Condition or disease Intervention/treatment Phase
HIV/AIDS Behavioral: Clinician training intervention Not Applicable

Detailed Description:

Despite global gains in female-controlled HIV prevention strategies, the incidence of HIV in adolescent girls and young women (AGYW) continues to rise. Pre-exposure prophylaxis (PrEP) has been shown to reduce the risk of HIV acquisition in trial settings, however real-world effectiveness at scale is limited by poor adherence.

An important barrier to uptake and adherence to HIV prevention services among AGYW is the experience of judgmental, and non-empathetic interactions with health care workers (HCWs). New strategies are needed to improve provider counseling and communication skills to support PrEP adherence among AGYW. Standardized patient actors (SPs) have been used in a variety of settings to improve clinical assessment and care skills, as well as patient outcomes.
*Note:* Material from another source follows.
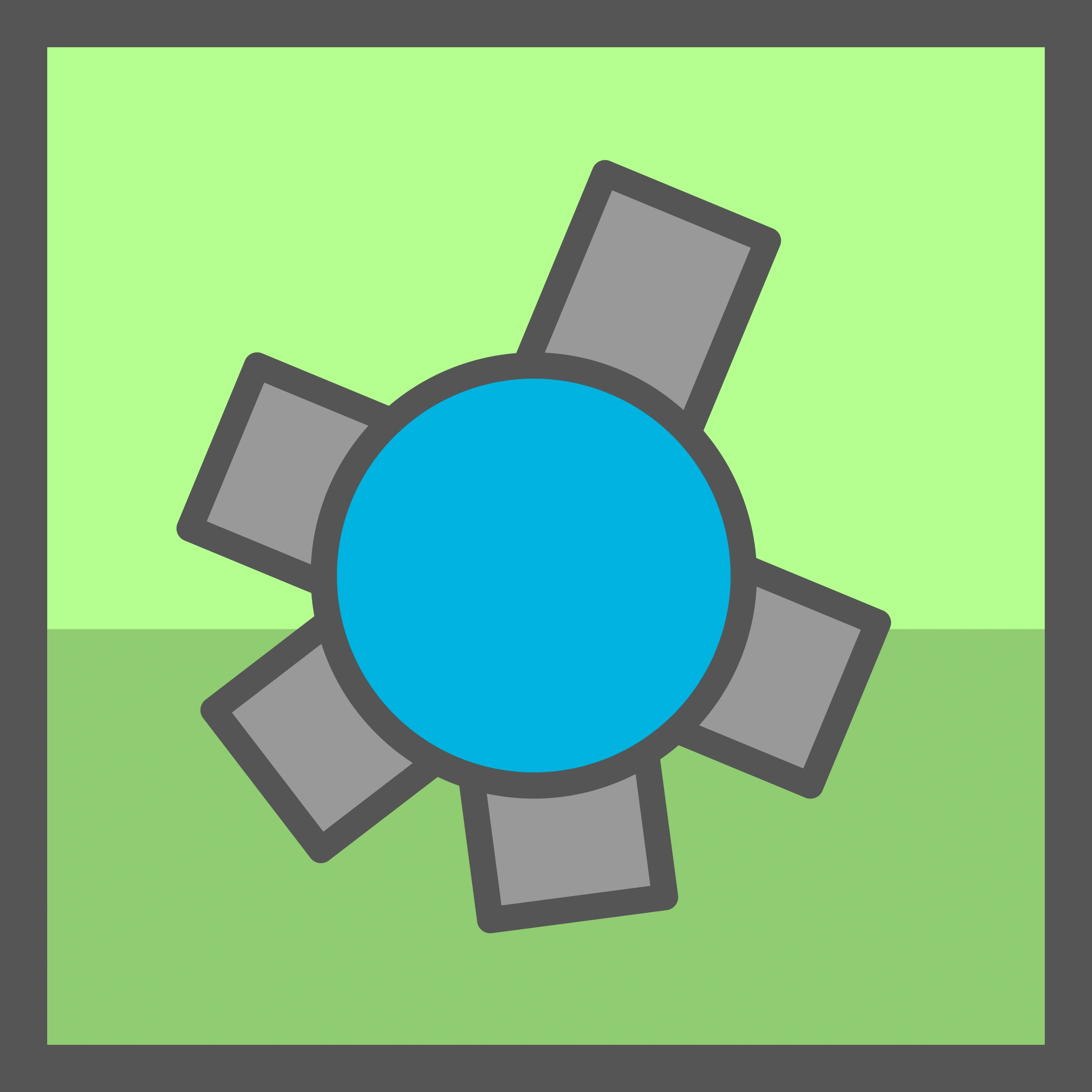 It has five Cannons; two of them are on the back of the tank (same as its predecessor, the Tri-Angle) two are on the sides, and one on the front. It features a common circular base. The angles between Fighter Cannons clockwise from the front cannon are 90°, 60°, 60°, 60°, 90°.
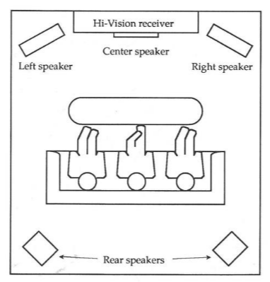This work led to the development of a standard known as Hi-Vision, which aimed to greatly improve the resolution and quality of broadcast television. At 1125 lines, it offered over double the vertical resolution of the prevailing 60 Hz NTSC standard in Japan. The precise number was chosen for meeting minimum requirements for image quality for a viewer with good vision, while being a convenient integer ratio to NTSC’s 525 lines (15:7), and PAL’s 625 lines (9:5). Hi-Vision also introduced a shift to the 16:9 aspect ratio from the more traditional 4:3 used in conventional analog television. The new standard also brought with it improved audio, with four independent channels—left, center, right, and rear—in what was termed “3-1 mode.” This was not unlike the layout used by Dolby Surround systems of the mid-1980s, though the NHK spec suggests using multiple speakers behind the viewers to deliver the single rear sound channel.

The "PrIYA-SP" study aims to improve HCW communication skills and adherence to PrEP guidelines through a cluster randomized trial of a SP actor training intervention. Twenty-four facilities that currently offer PrEP to AGYW in Kisumu County, Kenya will be selected. The first phase will include a cross-sectional assessment by unannounced SPs who will present to clinics portraying AGYW seeking PrEP, according to case scripts. Following the baseline assessment, 12 facilities will be randomized to the SP training intervention. The two-day intervention consists of didactic sessions covering national guidelines and communication skills, values clarification exercises, role playing sessions with SPs, and a group debriefing with HCW participants. Following the intervention, unannounced SPs will repeat the cross-sectional assessment.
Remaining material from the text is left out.